Provided material >>
▽
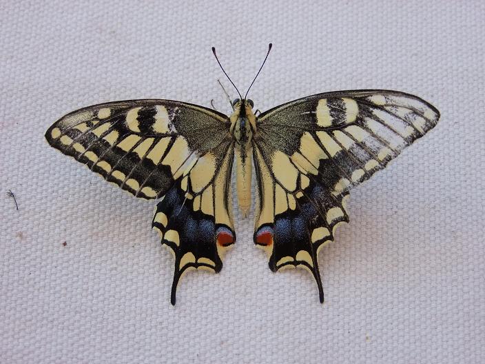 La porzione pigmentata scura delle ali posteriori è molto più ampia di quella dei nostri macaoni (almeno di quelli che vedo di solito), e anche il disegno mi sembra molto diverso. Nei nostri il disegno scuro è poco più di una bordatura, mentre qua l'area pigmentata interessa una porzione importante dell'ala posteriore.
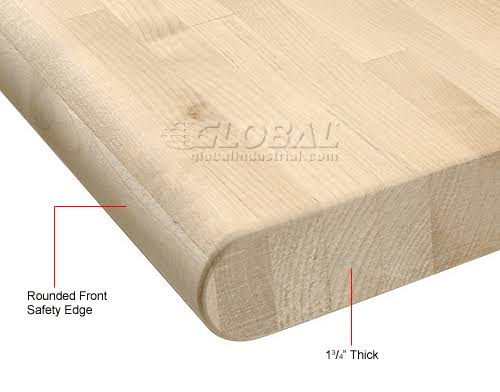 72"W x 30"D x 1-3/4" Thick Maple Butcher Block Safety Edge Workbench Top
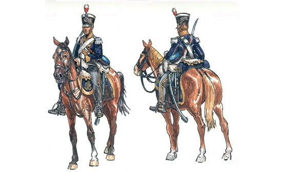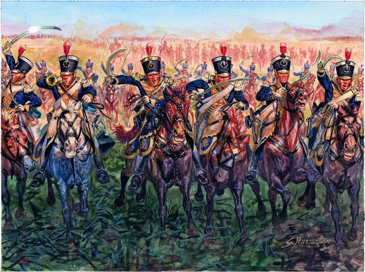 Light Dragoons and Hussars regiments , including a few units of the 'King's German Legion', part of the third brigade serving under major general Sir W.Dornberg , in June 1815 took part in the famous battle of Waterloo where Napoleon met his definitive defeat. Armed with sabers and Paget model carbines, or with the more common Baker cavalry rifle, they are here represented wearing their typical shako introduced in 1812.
△
With images omitted, retype the data word for word.

 La porzione pigmentata scura delle ali posteriori è molto più ampia di quella dei nostri macaoni (almeno di quelli che vedo di solito), e anche il disegno mi sembra molto diverso. Nei nostri il disegno scuro è poco più di una bordatura, mentre qua l'area pigmentata interessa una porzione importante dell'ala posteriore.
 72"W x 30"D x 1-3/4" Thick Maple Butcher Block Safety Edge Workbench Top
 Light Dragoons and Hussars regiments , including a few units of the 'King's German Legion', part of the third brigade serving under major general Sir W.Dornberg , in June 1815 took part in the famous battle of Waterloo where Napoleon met his definitive defeat. Armed with sabers and Paget model carbines, or with the more common Baker cavalry rifle, they are here represented wearing their typical shako introduced in 1812.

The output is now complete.